Return-to-Office Mandates Risk Disengaged Employees, Says HR Firm McLean & Company

The new data-backed Return-to-Office Playbook from the global HR research and advisory firm explains that while organizations can use forced mandates to ensure employees are physically present in the office, they will not be able to force employees to be mentally engaged at work.

As an increasing number of organizations are enacting return-to-office (RTO) policies to bring employees back to the physical office, the risk of dissatisfied and disengaged employees accustomed to remote and hybrid work models is also rising. With the news of a growing number of organizations working to implement such policies, HR research and advisory firm McLean & Company has released its new resource, Return-to-Office Playbook. The firm, a trusted resource for HR leaders, advises that organizations need an intentional, well-thought-out approach to ensure that RTO mandates are sustainable and meet both employee and organizational needs.
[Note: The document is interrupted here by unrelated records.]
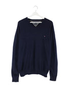 Tommy Hilfiger V-Neck 100% Wolle Pullover Blau L
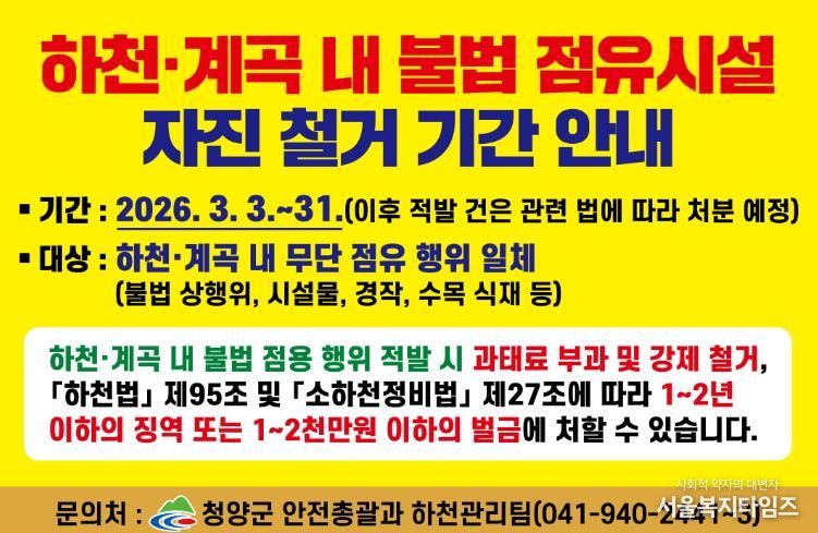 서울복지타임즈 이재연 기자 | 청양군이 하천의 공공 기능을 정상화하고 여름철 집중호우에 따른 재해를 사전에 방지하기 위해 3월부터 오는 9월까지 ‘하천 불법 점유 행위 일제 정비’를 추진한다고 밝혔다.
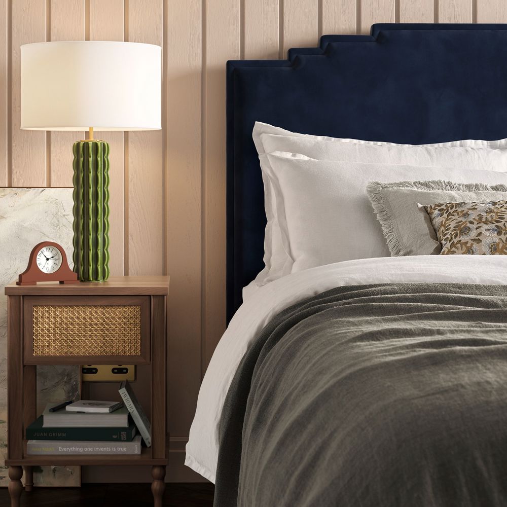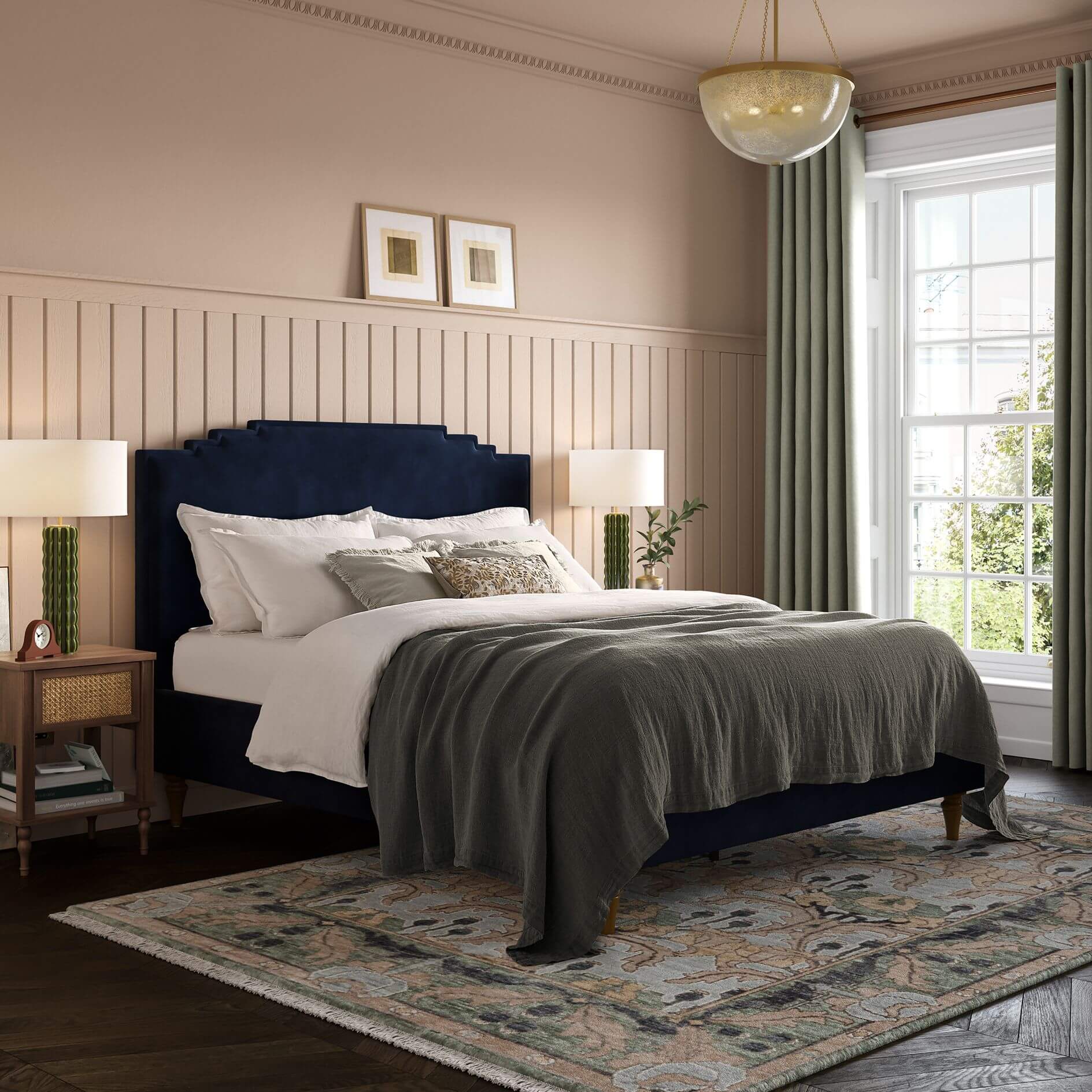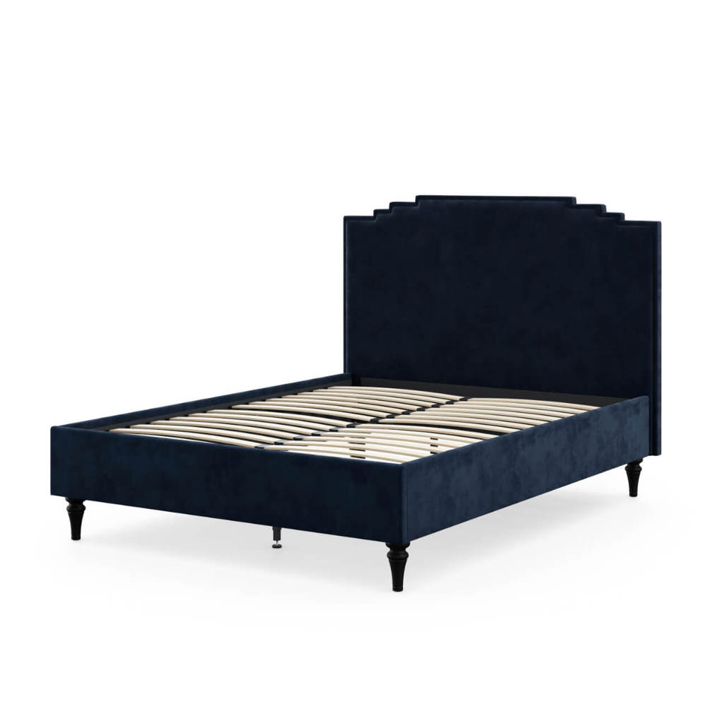 - High, distinctive headboard with Art Deco inspired detail
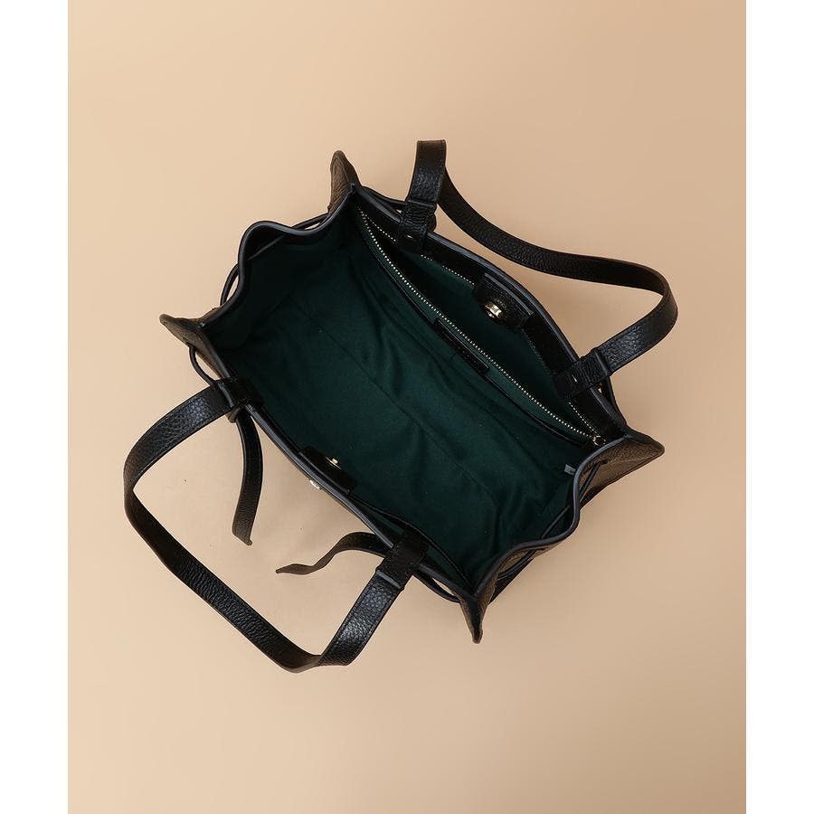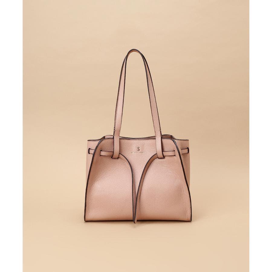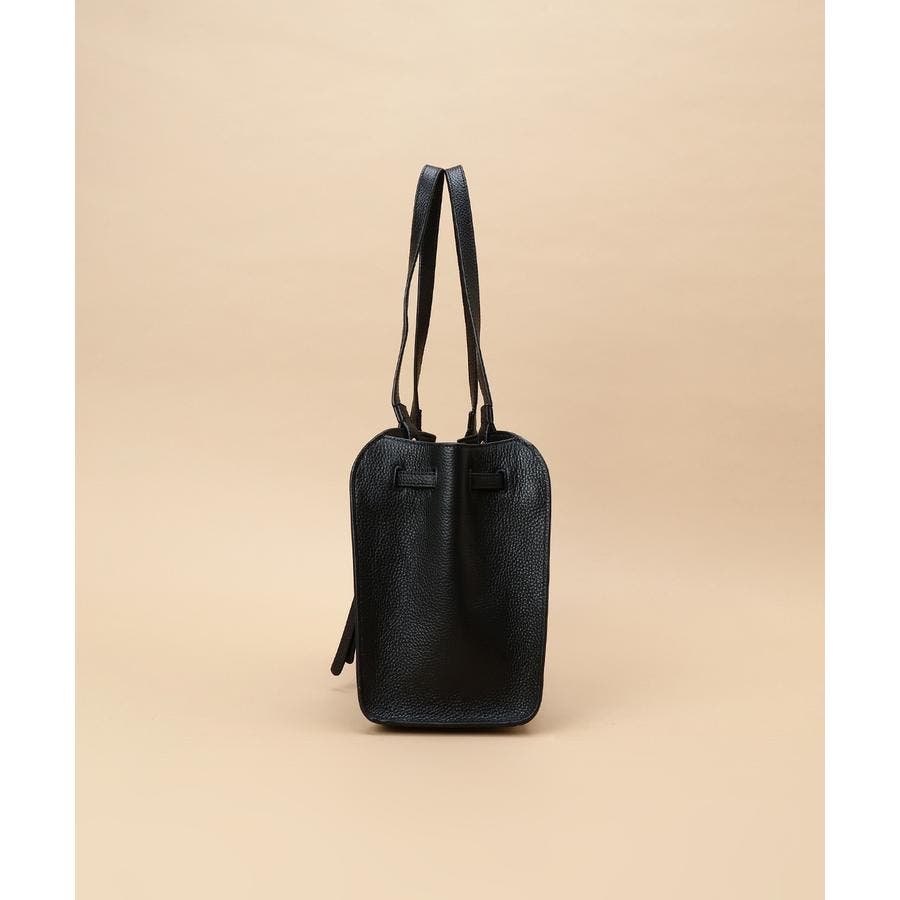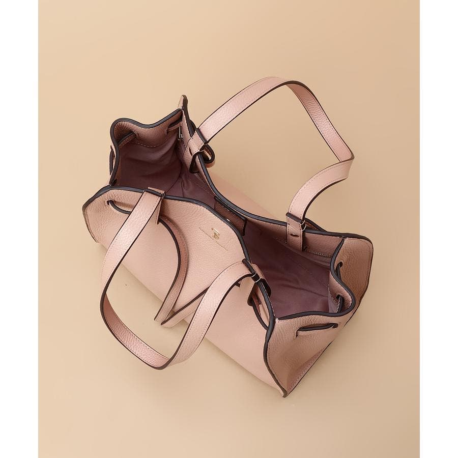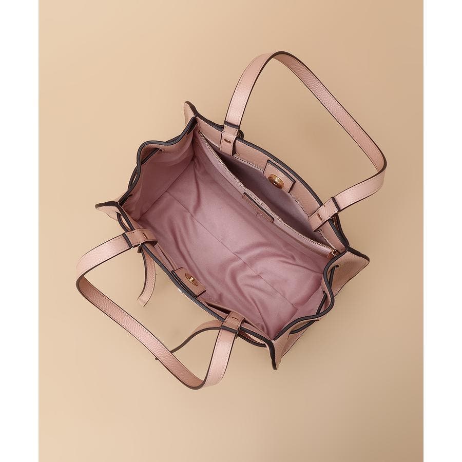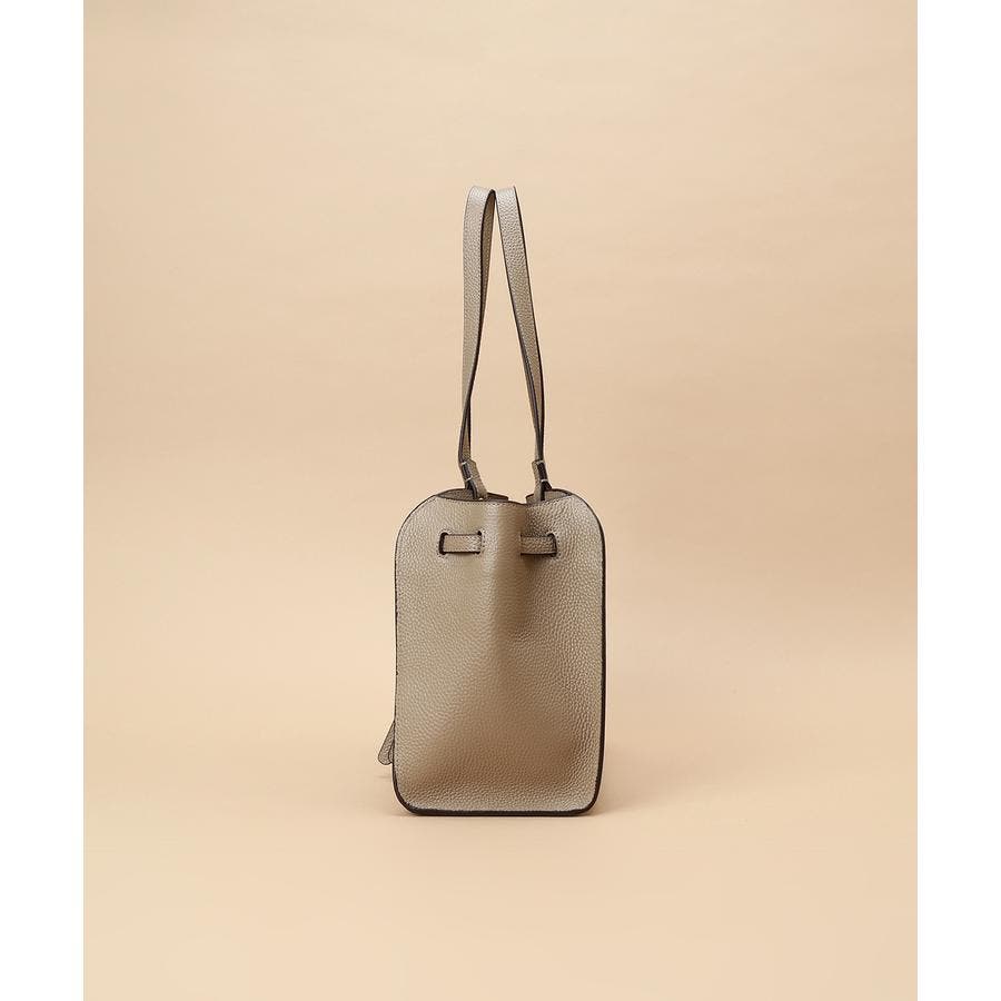 ベルトデザインがトレンド感ある雰囲気のレザートートバッグ。
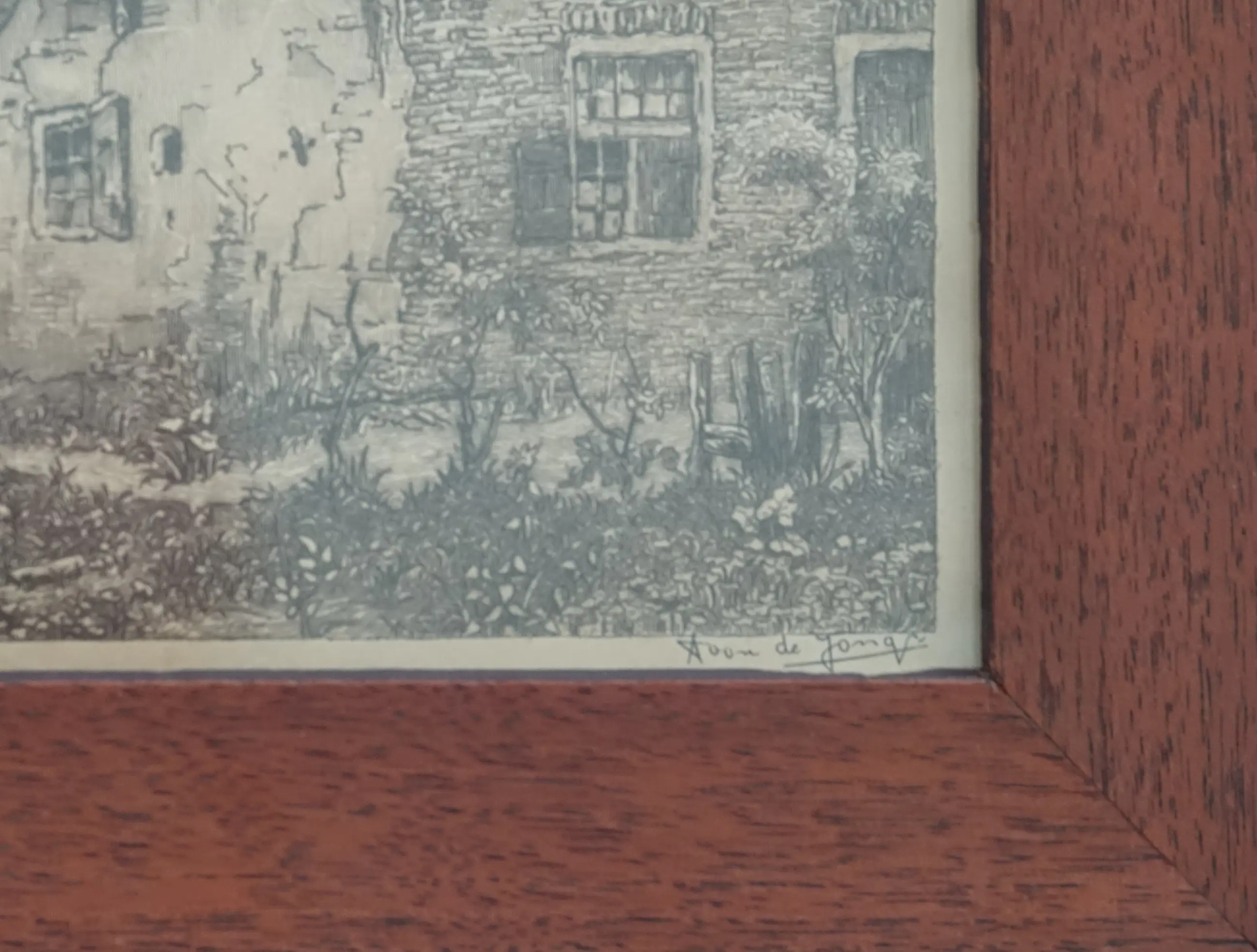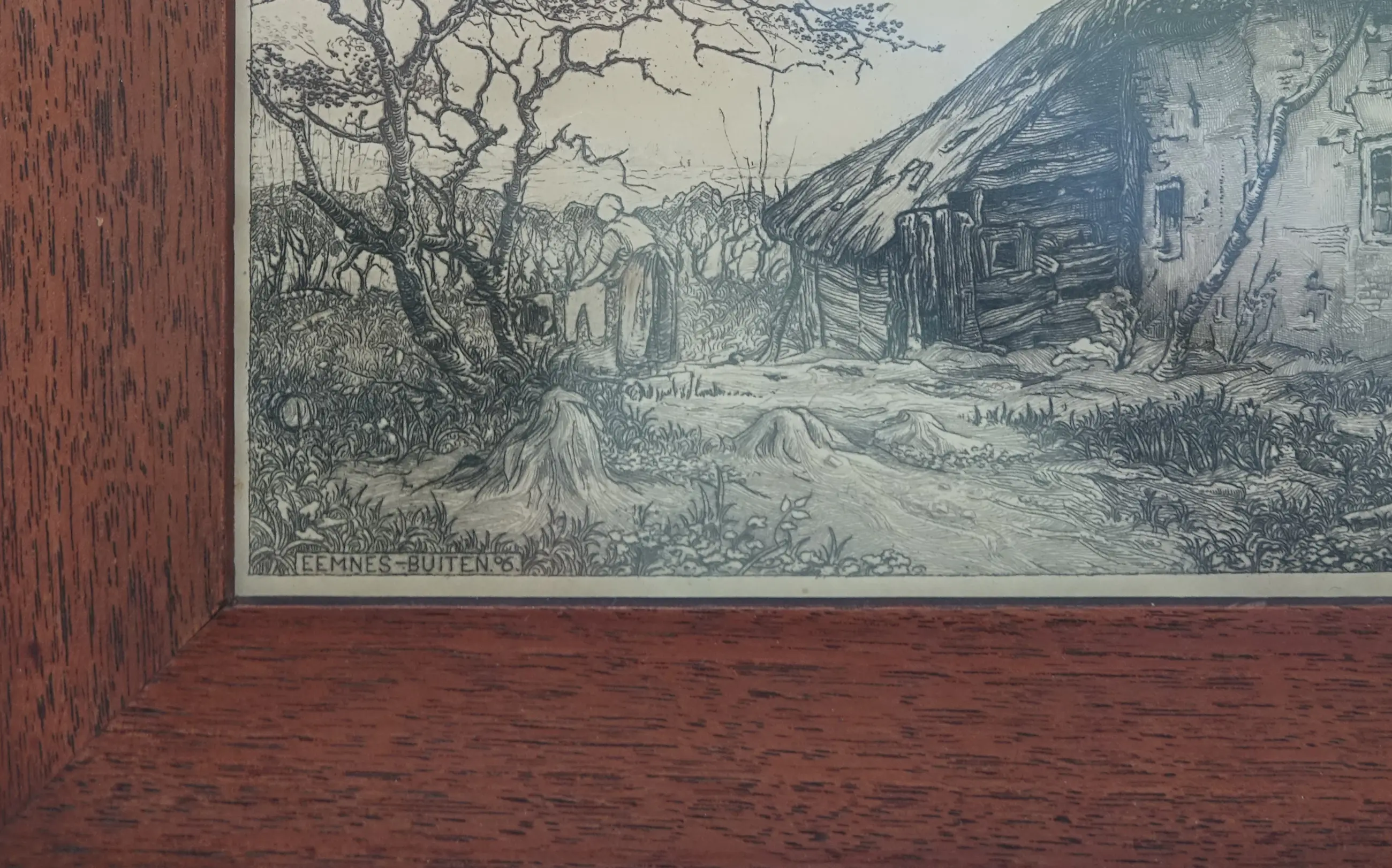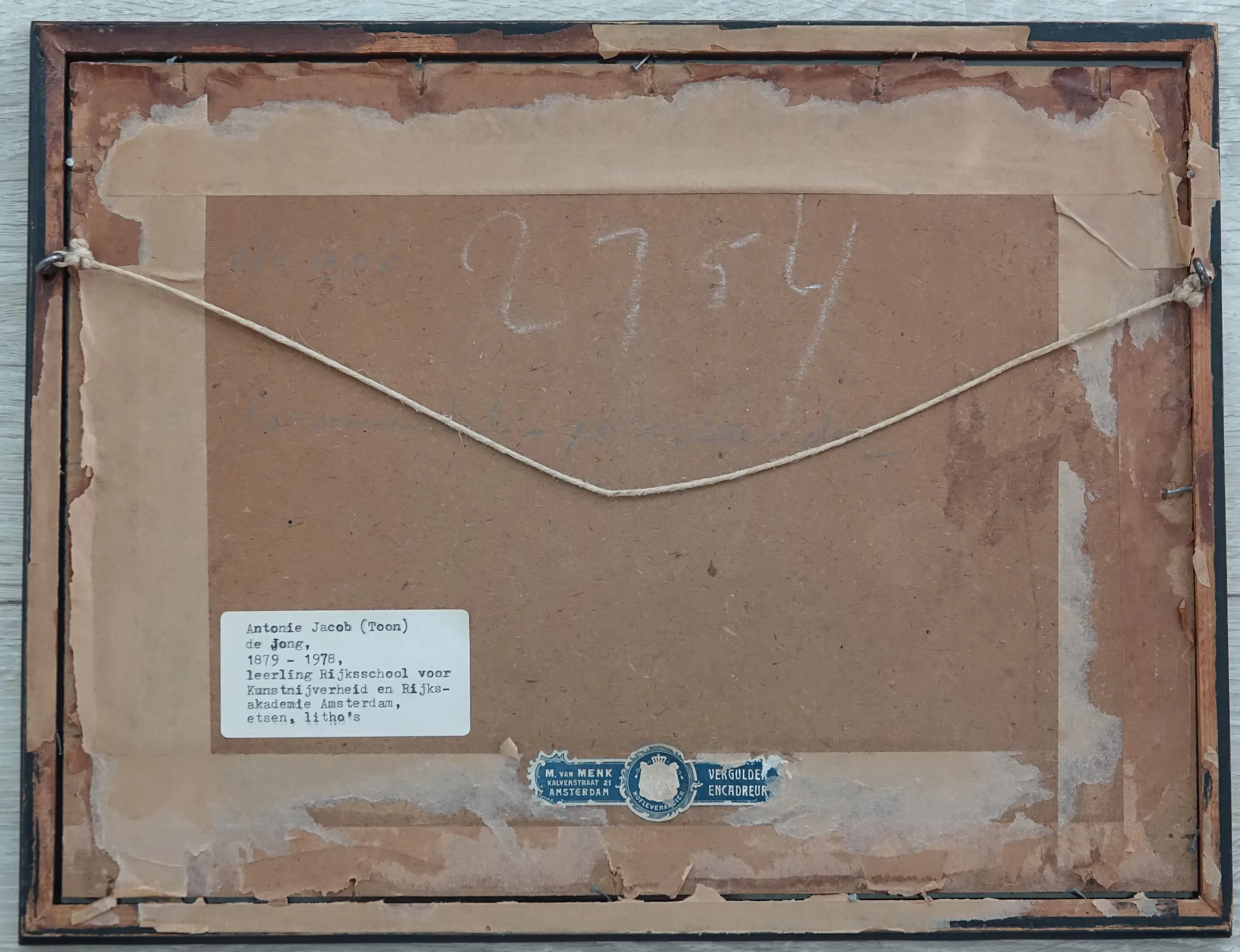 Ets, uitgegeven in 1906 door de Larensche kunsthandel. In luxe houten lijst en passe-partout (coromandel, pallisander). Antonie Jacob (Toon) de Jong (Laren 1879 – Maassluis, 1978) studeerde aan de Rijksschool voor Kunstnijverheid Amsterdam en de Rijksacademie van beeldende kunsten. Hij was een lid van de Amsterdamse kunstenaarsvereniging "Sint-Lucas" en de Larense schildersvereniging De Tien. Als schilder, etser en tekenaar hanteerde hij een naturalistisch-impressionistische stijl. Hij maakte vooral landschappen en portretten. De Jong woonde en werkte in Laren en tekende veel van zijn werken in Het Gooi.

McLean & Company’s RTO playbook highlights that a mandated one-size-fits-all approach is associated with numerous risks, including exclusion, increased turnover and disengagement, reduced productivity, employee backlash, and declining trust in the organization. The firm’s research indicates that these risks come with associated costs related to addressing reduced ability to recruit and retain talent, increased turnover, and lost engagement and productivity.

“Organizations must understand the unique challenges of their workforce when employing RTO policies,” says LynnAnn Brewer, executive advisor at McLean & Company. “Many employees made drastic changes to their lives during the pandemic, such as relocating, and are now required to make significant changes again, which can result in increased stress and anxiety. Leaders must practice empathy and flexibility throughout the return process to mitigate the risks of losing talent or damaging employee engagement and employer reputation.”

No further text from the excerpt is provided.